◆ INPUT DATA:
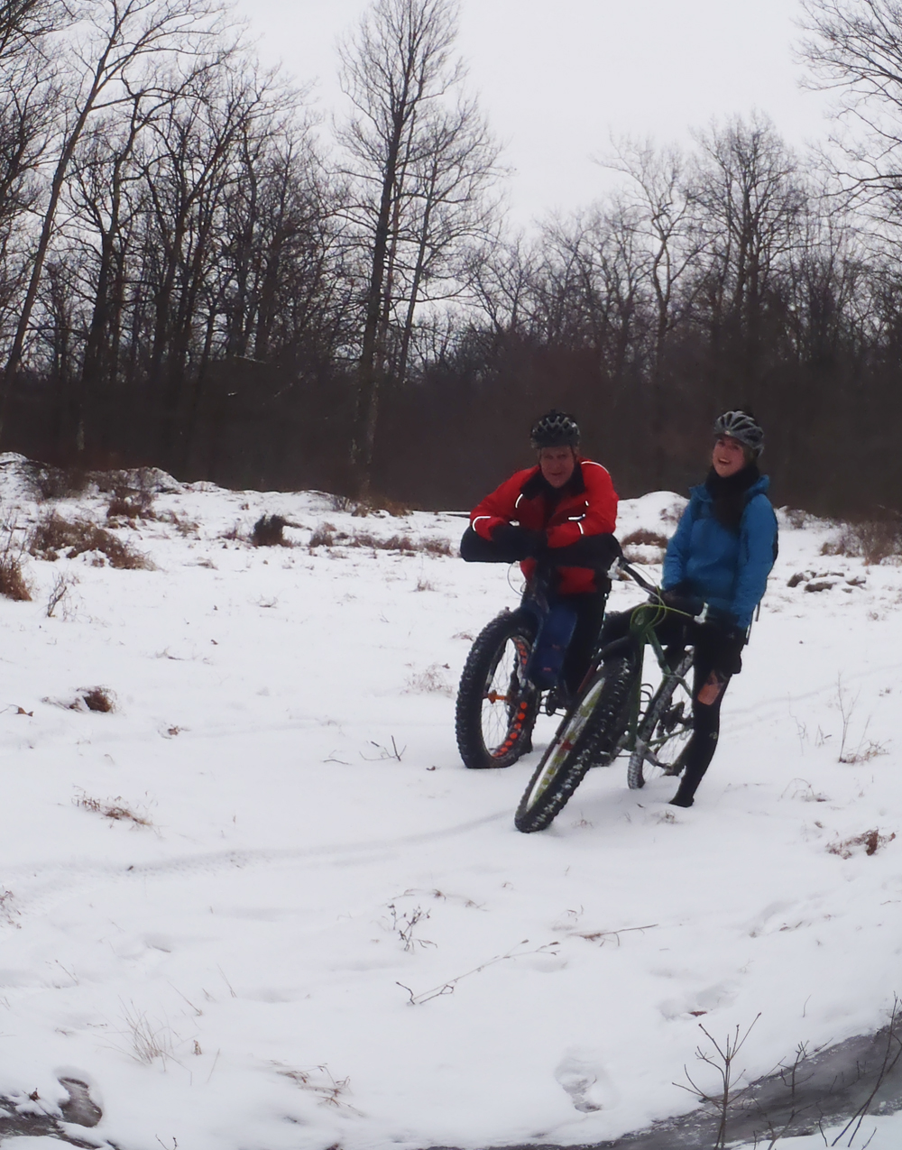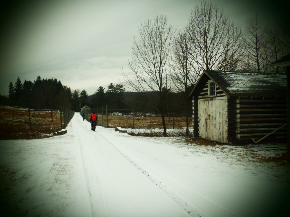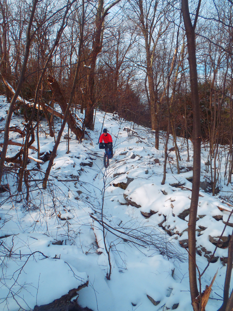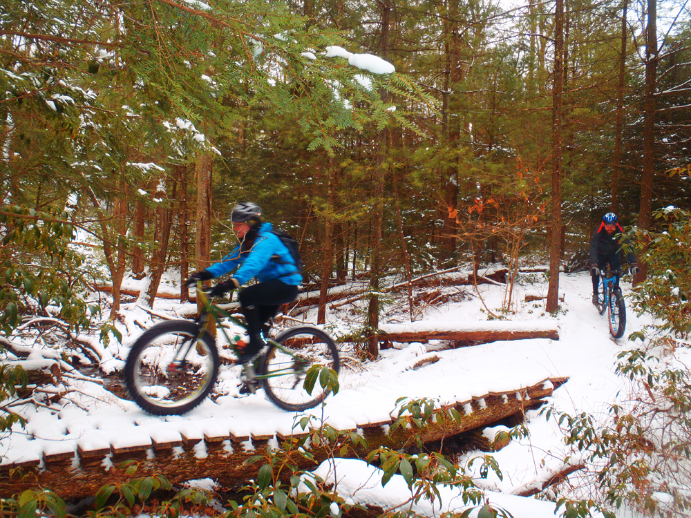 Today was one of those great rides. A couple inches of powdery snow covered the trails—just enough to make for a quintessential winter ride without the difficulty of slogging through 6 inches of slippery white slush. I felt great physically and mentally—finally a break in the “biking funk” I feel as though I’ve been in for the past few weeks. And our quartet of Evan, Jalon, John, and myself was an easygoing crew who was up for a challenging ride but also just wanted to have fun.
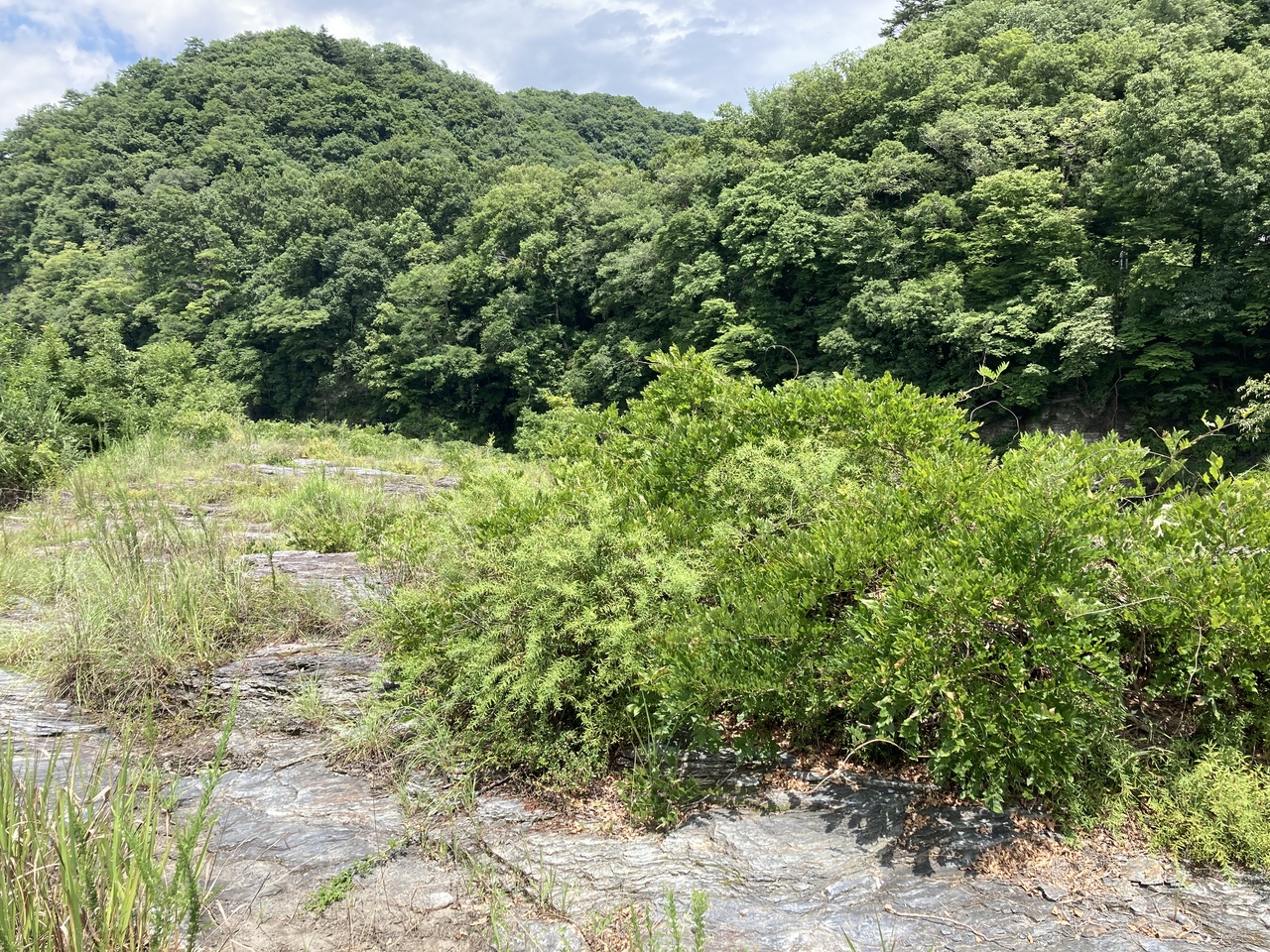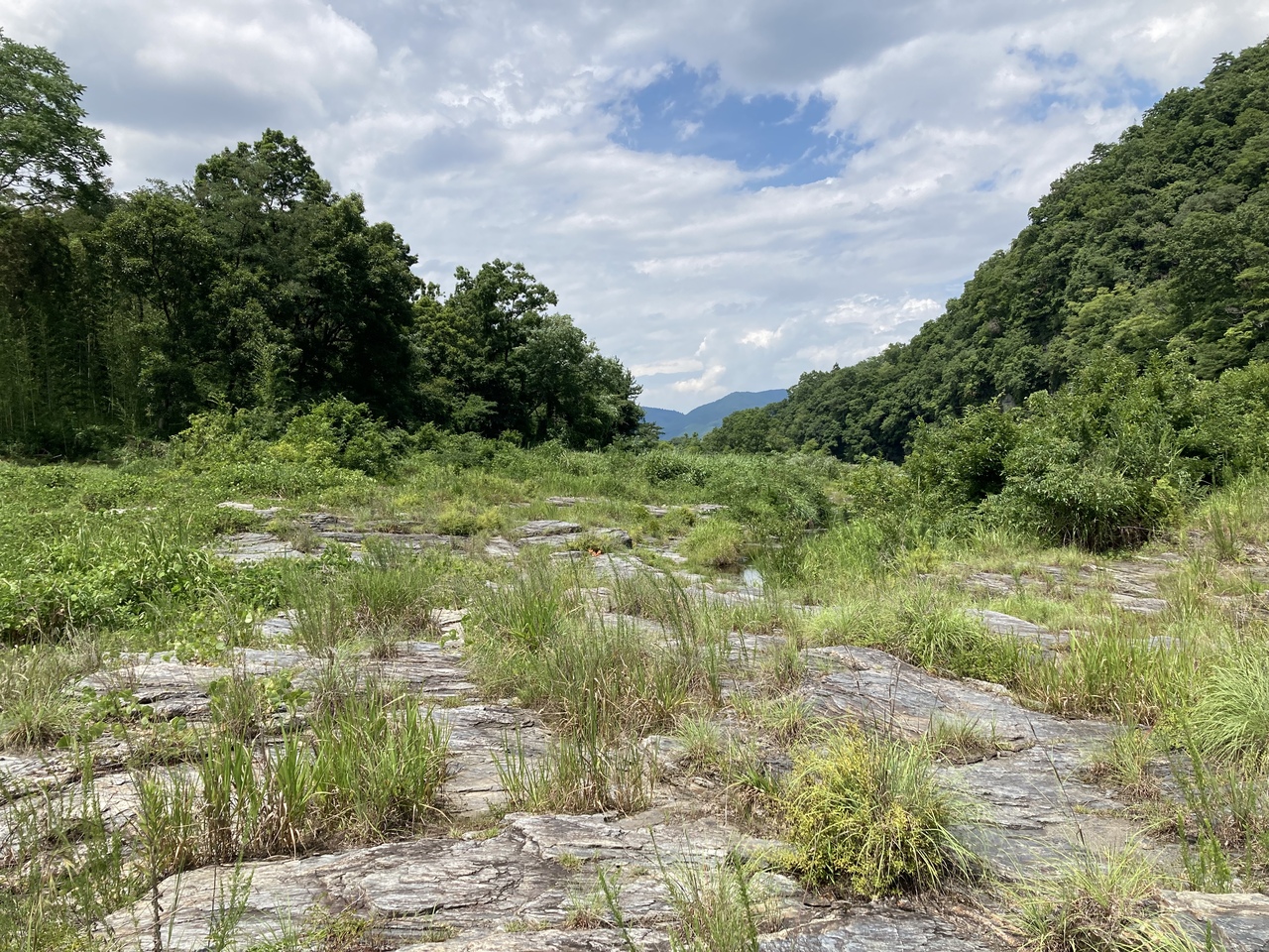 ところどころ、危険な場所に場所近づかないよう表示があったり草ボーボーな場所もあるが、途中から岩畳の上を歩けるようになっている。
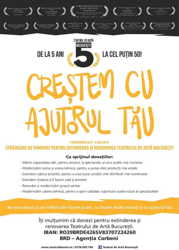 Așadar, la început de 2018, Teatrul de Artă București lansează oficial campania “Creștem cu ajutorul tău” – strângere de fonduri pentru extindere și renovare.
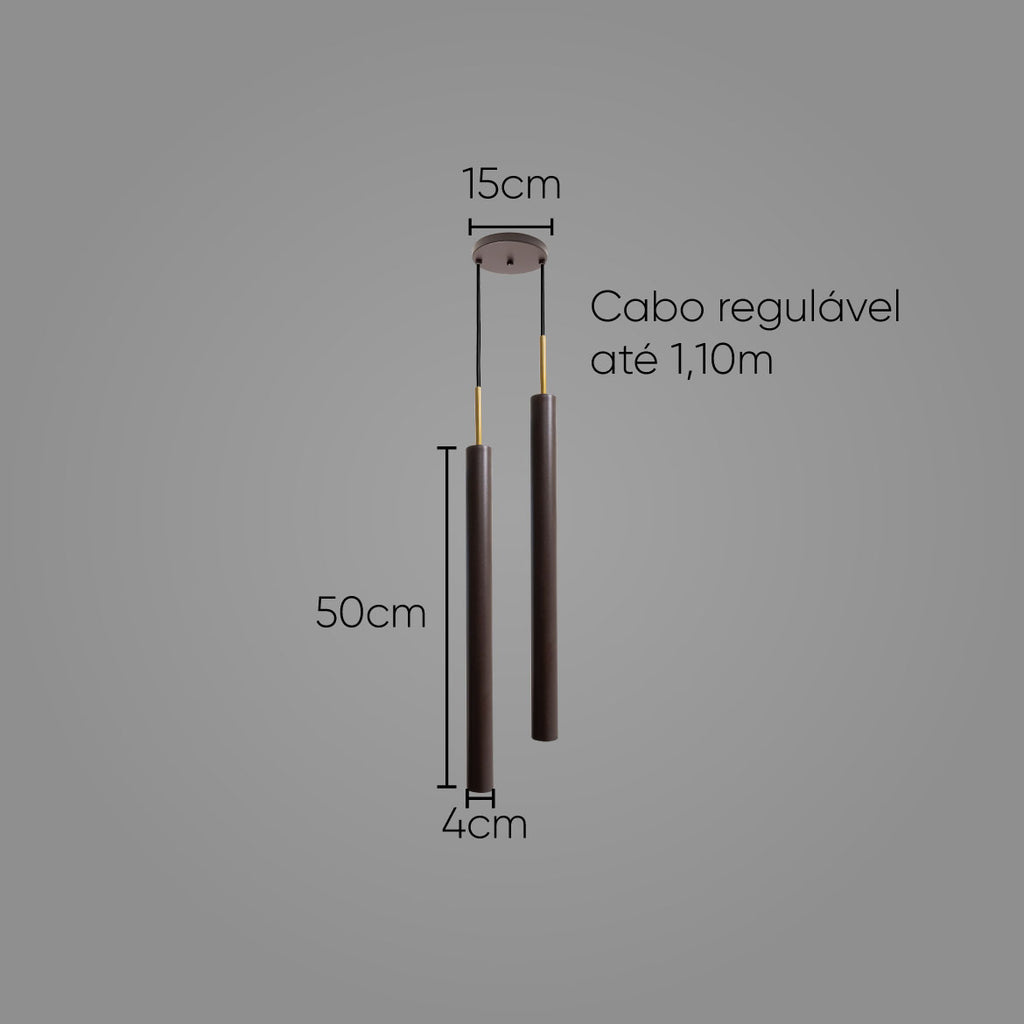 Pendente Tubo Duplo Alumínio P/ Lâmpada Mr11 Gu10 St1697 - Marrom

◆ AIM OF THE EXERCISE: Nothing but the lines from the one containing "ところどころ、危険な場所に場" through the end of the listing should be printed, each exactly as it appears and without pictures.

◆ EXERCISE SOLUTION:
 ところどころ、危険な場所に場所近づかないよう表示があったり草ボーボーな場所もあるが、途中から岩畳の上を歩けるようになっている。
 Așadar, la început de 2018, Teatrul de Artă București lansează oficial campania “Creștem cu ajutorul tău” – strângere de fonduri pentru extindere și renovare.
 Pendente Tubo Duplo Alumínio P/ Lâmpada Mr11 Gu10 St1697 - Marrom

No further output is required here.